Cincalok (fermented krill)
Passed down over generations of Peranakans, cincalok is tedious and time consuming to make and demands great attention to detail. The dish is fermented with cooked rice and brandy for three days. “If the process is not done right, it can easily turn bad. The whole process is also not clean and dry,” Peter says. Portuguese in heritage and originating from Malacca, the dish is also known by its Malaccan name “grago”. “I really enjoy cincalok because it’s quite unique-its sour flavour whets the appetite and makes for a great appetiser. It also goes so well with fried fish. We always make our own because what you get outside is far too salty.”

Achar (pickles)
A traditional family favourite among Peranakans, this appetiser is fermented in a pot called the “kamcheng”. “This pot is always being carried around by the little Nonya in the popular TV show,” Peter says. A truly original Peranakan dish, achar is a signature family favourite to give away at festive occasions. Every New Year, Peranakan families will make about 7 to 8 kilos of cucumber and cauliflower, cabbage, radish, carrots, vinegar and rumpa (belachan concoction). Green chilli and papaya are favourite additions as well.

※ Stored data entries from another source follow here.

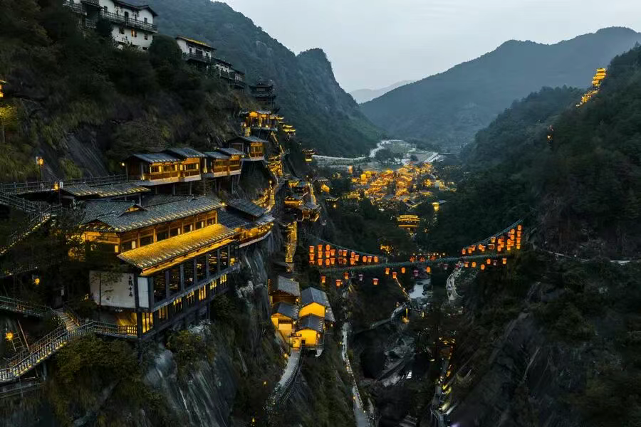 望仙谷的悬崖民宿群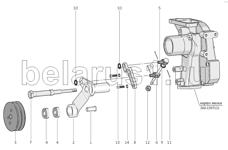 Каталог запасных частей к технике: ММЗ Д-260S3A. Установка натяжителя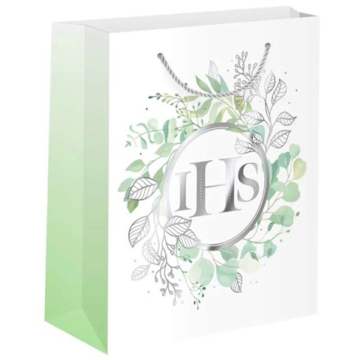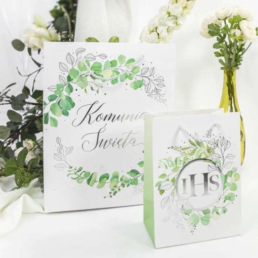 Torebka prezentowa z okazji I Komunii wykonana z papieru, w subtelnej kolorystyce złamanej bieli, zieleni i srebra z pięknym eukaliptusem nawiązującym do wiosny jak i Komunii Świętej. Torebka posiada poręczny uchwyt wykonany ze srebrnego sznurka. Warto zadbać o to by wręczany na Komunię prezent czy upominek był zapakowany w prosty a jednocześnie elegancki sposób.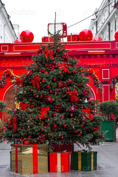 Фантастический рождественский фон. Подарочные коробки под деревом в Москве. Концепция покупки подарков. Новогодняя открытка 2026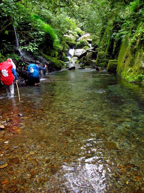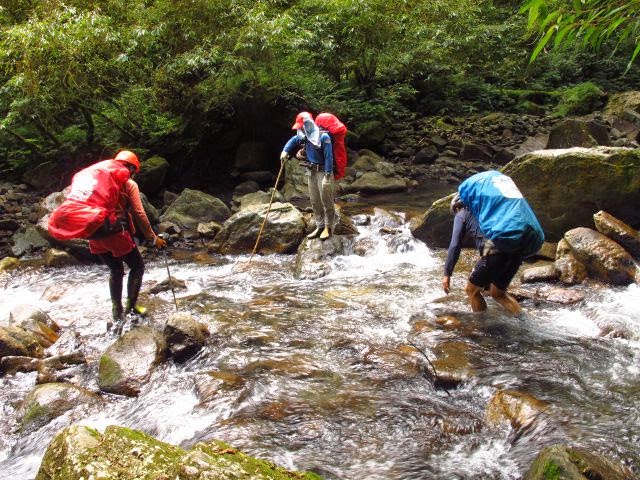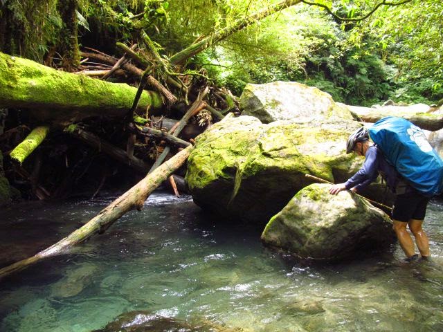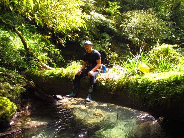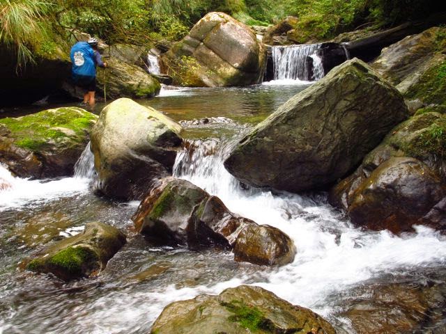 換上溯溪鞋之後走在濕滑的溪床多了好幾分安全感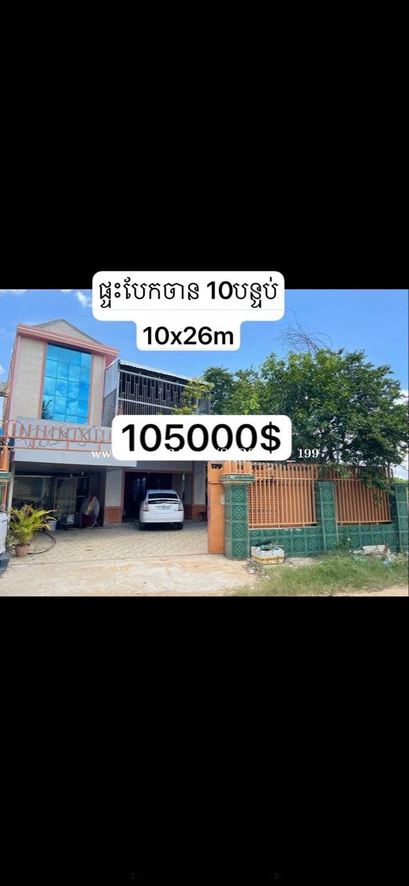 ដីទំហំ 10*26 ផ្ទះទំហំ 10*20 បន្ទប់គេង 10 បន្ទប់ទឹក4 មានទីធ្លាមុខចតឡានធំទូលាយ និងនៅចំហៀងផ្ទះសល់1.5ម ប្រភេទ៖ប្លង់រឹង ទីតាំង៖ ក្រោមផ្សារបែកចាន ផ្លូវក្រវ៉ាត់ក្រុង (ផ្លូវ៤១) បញ្ជាក់៖លក់ខាត10000$ តម្លៃត្រឹមតែ88000$នៅចរចារបានទៀត ហេីយកាត់ប្លង់រឹងជូន។ ម្ចាស់ផ្ទះត្រូវសងបំណុលគេ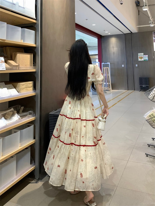 Pure Desire Style Slimming Stitching Floral Skirt Women's Summer Square Collar Bubble Sleeve A- line dress

Buah paya masak titek (green papaya soup)
Peranakan families like to cook this traditional favourite daily or at least once or twice a week. A green papaya soup with a slightly spicy flavour, the titek comes from a combination of good belachan, shallots and candlenuts. “This is my favourite everyday dish. The main ingredient that gives it its spicy flavour is the white pepper,” says Peter. The soup is boiled with green papaya as well as dried salted fish bones to give it a full flavour. Basil leaves are used to garnish this mealtime favourite.

Ayam sioh (stewed chicken)
This is a festive dish cooked most often for reunion dinners. As the preparation process can be daunting, it is not commonly served at the dinner table. “The dish consists of a sweet and sour concoction of shallots, assam and sugar which may be prepared with chicken, pork or duck and marinated overnight. Peter adds that it’s not easy to make an authentic ayam sioh – “Most of the time it turns out looking like tau yu bak (black sauce pork) when it should be dryer, like a kind of rending.

To celebrate the Singapore Food Festival this year, Peter will be conducting a talk on Memories of the Peranakan Kitchen at the seminar The Art of Peranakan Dining at the Peranakan Museum on 24 July. He will also be giving a cooking demonstration and tour at Katong Antique House on 20 July. The Singapore Food Festival runs from 17-26 July 2009.